Department of Statistics, Government Graduate College for Women, Sargodha, Punjab, Pakistan.
Department of Economics, School of Social Sciences and Humanities, National University of Sciences and Technology, Islamabad, H-12, Pakistan.
Environ Sci Pollut Res Int. 2022 Mar;29(15):21811-21825. doi: 10.1007/s11356-021-17268-x. Epub 2021 Nov 12.
The COVID-19 pandemic affected the world through its ability to cause widespread infection. The Middle East including the Kingdom of Saudi Arabia (KSA) has also been hit by the COVID-19 pandemic like the rest of the world. This study aims to examine the relationships between meteorological factors and COVID-19 case counts in three cities of the KSA. The distribution of the COVID-19 case counts was observed for all three cities followed by cross-correlation analysis which was carried out to estimate the lag effects of meteorological factors on COVID-19 case counts. Moreover, the Poisson model and negative binomial (NB) model with their zero-inflated versions (i.e., ZIP and ZINB) were fitted to estimate city-specific impacts of weather variables on confirmed case counts, and the best model is evaluated by comparative analysis for each city. We found significant associations between meteorological factors and COVID-19 case counts in three cities of KSA. We also perceived that the ZINB model was the best fitted for COVID-19 case counts. In this case study, temperature, humidity, and wind speed were the factors that affected COVID-19 case counts. The results can be used to make policies to overcome this pandemic situation in the future such as deploying more resources through testing and tracking in such areas where we observe significantly higher wind speed or higher humidity. Moreover, the selected models can be used for predicting the probability of COVID-19 incidence across various regions.
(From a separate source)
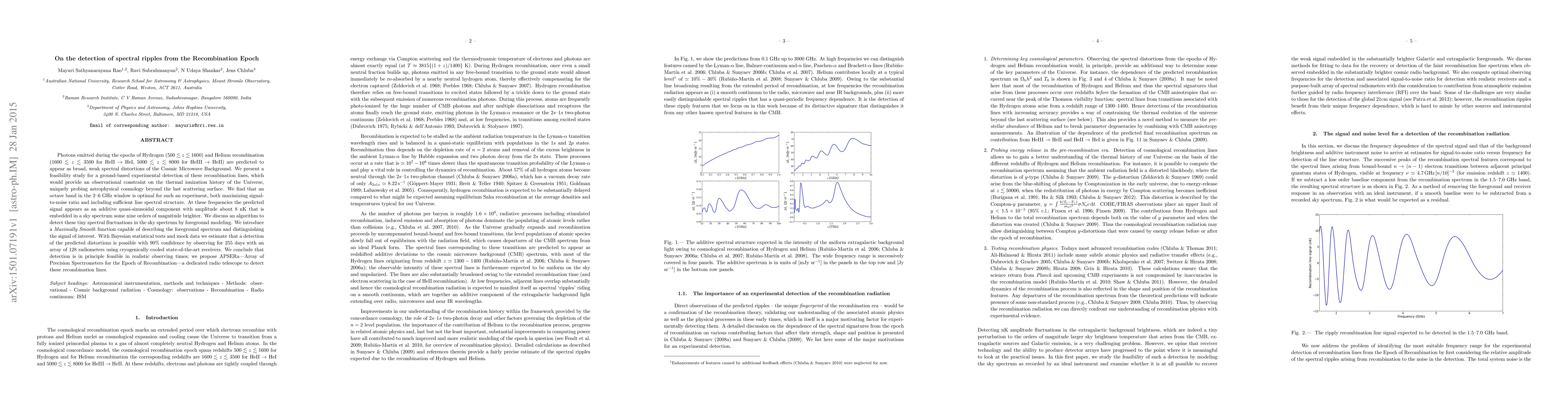 Photons emitted during the epochs of Hydrogen ($500 \lesssim z \lesssim 1600$) and Helium recombination ($1600 \lesssim z \lesssim 3500$ for HeII $\rightarrow$ HeI, $5000 \lesssim z \lesssim 8000$ for HeIII $\rightarrow$ HeII) are predicted to appear as broad, weak spectral distortions of the Cosmic Microwave Background. We present a feasibility study for a ground-based experimental detection of these recombination lines, which would provide an observational constraint on the thermal ionization history of the Universe, uniquely probing astrophysical cosmology beyond the last scattering surface. We find that an octave band in the 2--6 GHz window is optimal for such an experiment, both maximizing signal-to-noise ratio and including sufficient line spectral structure. At these frequencies the predicted signal appears as an additive quasi-sinusoidal component with amplitude about $8$ nK that is embedded in a sky spectrum some nine orders of magnitude brighter. We discuss an algorithm to detect these tiny spectral fluctuations in the sky spectrum by foreground modeling. We introduce a \textit{Maximally Smooth} function capable of describing the foreground spectrum and distinguishing the signal of interest. With Bayesian statistical tests and mock data we estimate that a detection of the predicted distortions is possible with 90\% confidence by observing for 255 days with an array of 128 radiometers using cryogenically cooled state-of-the-art receivers. We conclude that detection is in principle feasible in realistic observing times; we propose APSERa---Array of Precision Spectrometers for the Epoch of Recombination---a dedicated radio telescope to detect these recombination lines.

COVID-19 大流行通过其造成广泛感染的能力影响了世界。包括沙特阿拉伯王国(KSA)在内的中东地区也像世界其他地区一样受到了 COVID-19 大流行的打击。本研究旨在检验气象因素与 KSA 三个城市 COVID-19 病例数之间的关系。观察了所有三个城市的 COVID-19 病例数分布,然后进行了互相关分析,以估计气象因素对 COVID-19 病例数的滞后影响。此外,还拟合了泊松模型和负二项式(NB)模型及其零膨胀版本(即 ZIP 和 ZINB),以估计天气变量对确诊病例数的特定城市影响,并通过比较分析评估每个城市的最佳模型。我们发现 KSA 三个城市的气象因素与 COVID-19 病例数之间存在显著关联。我们还发现,ZINB 模型最适合 COVID-19 病例数。在本案例研究中,温度、湿度和风速是影响 COVID-19 病例数的因素。研究结果可用于制定未来克服这种大流行情况的政策,例如在风速较高或湿度较高的地区部署更多资源进行测试和跟踪。此外,所选模型可用于预测各个地区 COVID-19 发病率的概率。